This sales training video teaches how the business insights you present are now put into the prospect's or client's world through questions. How do those insights compare to their experience?
- One of the keys to avoiding an interrogation session is understanding that we have to earn the right to ask questions. In my experience, salespeople sometimes feel that the prospect knows that they have to ask a lot of questions, so it's okay to just jump into those pretty quickly. To some extent, yes, people do understand that there will be some questions asked on a sales call. But how likely are they going to be to answer your questions if they don't feel that you're going to bring them value? Think of it this way, if you were to walk into a department store looking for a new suit and you're greeted at the door by someone who says, "Hi, my name's Jeff, what's your height and weight? "What's your favorite color? "How much are you planning on spending at the store today?" et cetera, how likely are you to want to answer their questions or even shop at the store? See, those questions might be appropriate at some point, but not until you're comfortable with the person and the environment, and you're sure that they're not going to try to sell you something that you don't feel that you need or want.
So how do we gain the right to ask questions? Well, now that you know the value providing insight, which are these relevant pieces of information that you're going to provide your prospect that are or should be of interest to them and their business, and this isn't just spouting off facts, but rather building a narrative around three poignant insights that can help shake their status quo, these are now used as the basis for your sales questions. Well, why is that? Well, great use of insights provides us with the right to ask questions.

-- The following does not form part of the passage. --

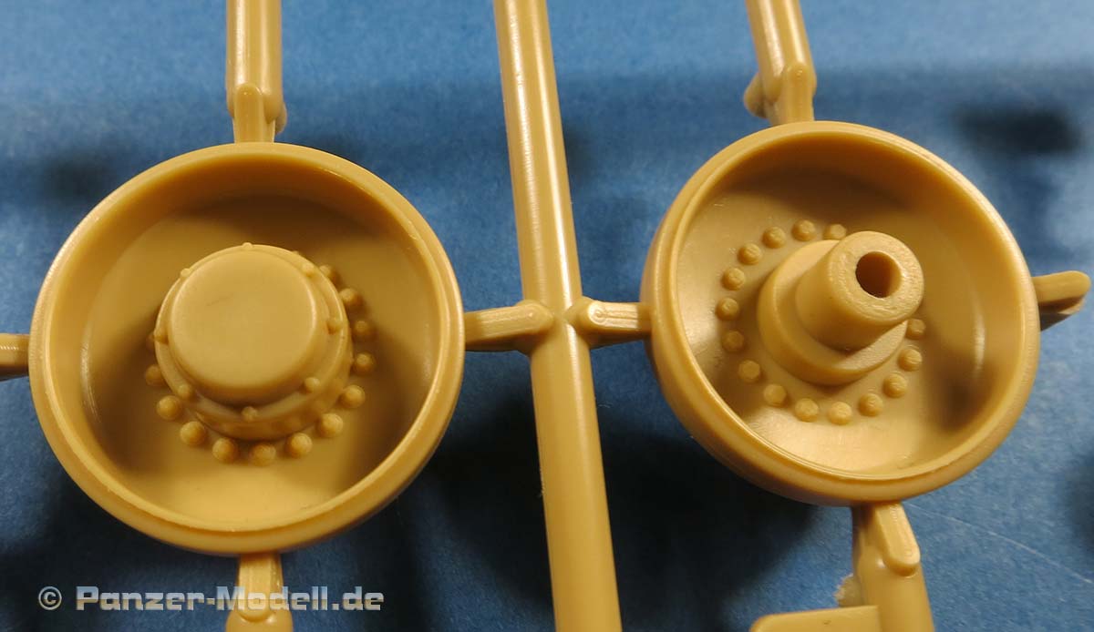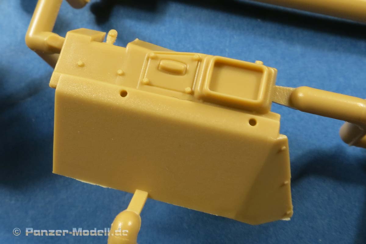 Während die Luken im hinteren Bereich der Oberwanne offen oder geschlossen darstellbar sind, was mangels Inneneinrichtung nur bedingt Sinn macht, sind unverständlicherweise die Kommandanten- und Fahrerluke bereits geschlossen auf der Oberwanne angegossen und es wird nahezu unmöglich sein diese nachträglich noch zu öffnen. Gerade hier wäre das Öffnen zum Einsetzen einer Figur sinnvoll.

If we situate ourselves as someone who is bringing value to the business meeting, we can start to ask questions because we have the right. So how do we do it? If I have an insight that in a recent study 89% of your buyers surveyed felt that their interactions with salespeople brought no commercial value, then I can turn that sort of insight into a provocative question. We could very easily just ask a question of how their situation compares with that. For instance, I could say, "Tell me, Mr. Smith, "in your interactions with your prospects, "what have been their reactions to salespeople?" Or I could ask, "How is your experience in comparison "with this nationwide survey?" The key is that I have provided an insight that is of interest to them and specific to their business, so now I have an opportunity to ask questions on a topic of interest.
The likelihood of getting better and more complete answers from a prospect is so much more higher than it would have been otherwise. The key is to use your insight to ask a provocative question around an area that not only interests your buyer, but is a problem area that you can eventually help them solve. Sound easy? Well, it is. The real key is the preparation you did ahead of time to provide meaningful insights. The other benefit to this is the fact that you get to prepare your questions ahead of time, something that isn't easy to do without making it sound like prerehearsed questions that you ask every prospect.
Okay, so your homework. Create three to four questions based around each of your insights. This should give you 10 or so questions to ask that will come across as part of a conversation rather than an interrogation.